Чудной прапорщик заложил руку за борт шинели и чуднó поклонился вправо и влево. (Солдаты оглядывались по-за собой: кому это он поклоны бьёт?) Объявил, что сделает «внеочередной доклад по текущему моменту». (Вылупились.)
И – уверенно понёс, с удовольствием, смачно выговаривая и себя слушая. Чего-то мелькало: «вековой деспотизм… развратный проходимец Распутин вместе с царицей-немкой правили Россией… на подвигах сотен борцов от декабристов до наших дней… звезда свободы… творчество солдатских масс…»
Гулай стал замечать у этого земгусара в терминологии, что он – из публики, отрепетированной в социал-демократических кружках, а то из тех провинциальных юных интеллигентов, какие читают гимназисткам лекции по философии, чтобы верней уложить по выбору в постель.
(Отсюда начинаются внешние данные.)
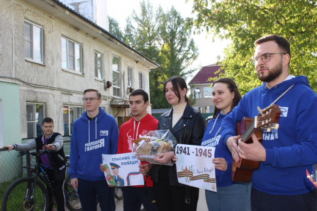 Ребята исполнили песни военных лет, «День Победы», вручили ветерану цветы, а также подарили его портрет со словами «Спасибо за Победу!», передали письма, написанные специально для него, лампаду с частицей Вечного огня, привезенного накануне из Москвы с Могилы Неизвестного солдата.
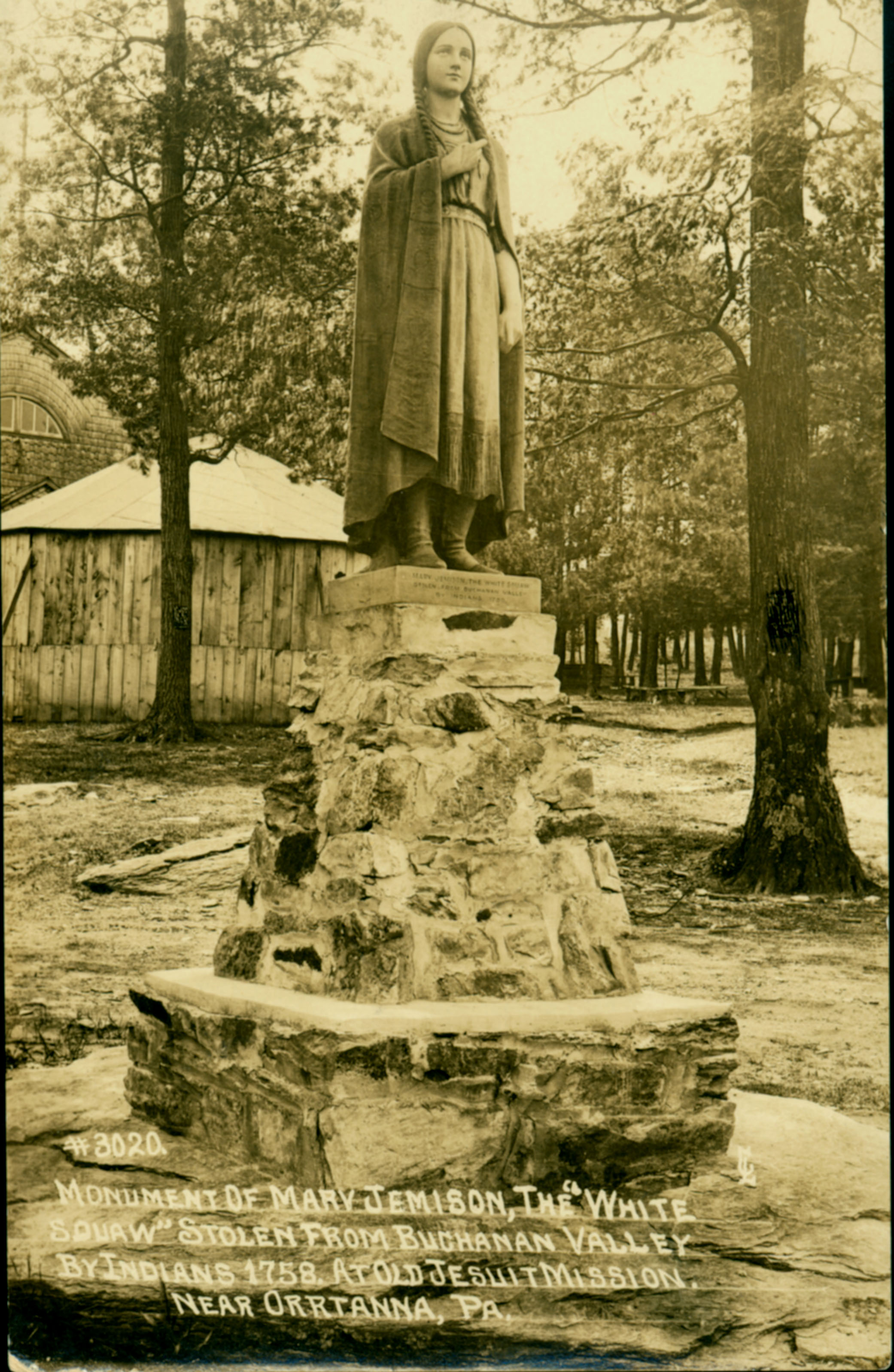 Black and white photographic postcard of monument of Mary Jemison. Monument in a wooded setting. Postcard caption reads, "#3020. Monument of Mary Jemison, The "White Squaw" stolen from Buchanan Valley by Indians 1758. At Old Jesuit Mission. Near Orrtanna, Pa."
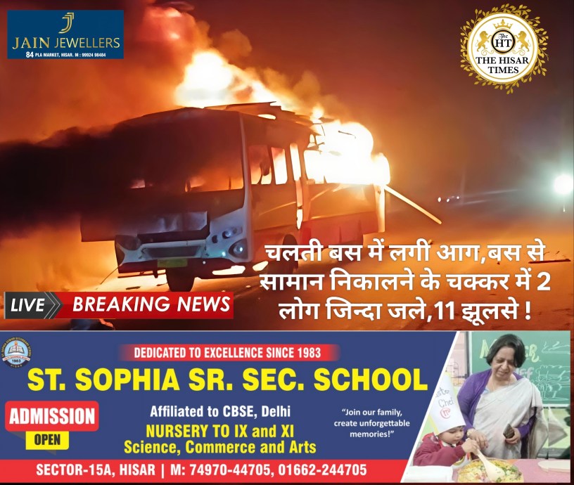 हांसी में चलती बस बनी आग का गोला: 2 यात्री जिंदा जले, 11 गंभीर रूप से झुलसे
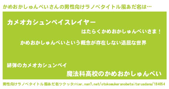 | 女子向けラノベタイトル風あだ名 | 『異世界で失敗しない100のかめおかしゅんぺい』 |

Солдаты слушали смирно, хотя с глазами стеклянистыми. Прапорщик понёс и дальше – «история всех революций показывает… миражи оптимизма… преодолеть негативность организации», – вдруг кто-то из батарейцев сзади звучно приговорил:
– Зюньзя!
и передался, перекатился смешок. Прапорщик не понял, не заметил, а солдаты стали шевелиться, доставать кисеты, скручивать газетные махорочные цыгарки. И задымило по всему расположению, а кто от дыма отмахивался – казалось: от докладчика.
А Зюньзя не заметил безповоротного – и ещё разгорячался, уже и с жестами, да вольно было речь держать – ни обстрелу, ни ветру, ни снегу, ни холоду, – то ли ждал сопротивления от здешних офицеров, косо поглядывал в их сторону. Но унизительно было бы Косте Гулаю тратить свою диалектику на этого мордатенького поросёнка.
Секретарь сидел над чистым листом, не понимая, что ему писать.
Капитан Клементьев и не смотрел на Зюньзю, а куда-то поверх стволов, будто обдумывал стрельбу. Командира же батареи не было.
Наконец Зюньзя заметил, что его вовсе не слушают, и покинул свою фразеологию, стал подделываться под лубочный стиль, ища сочувствия в солдатских лицах: «совсем невтерпёж, невмоготу стало жить бедному люду… полиция грабила живого и мёртвого… начальство только и делало, что запрещало жить своим умом…»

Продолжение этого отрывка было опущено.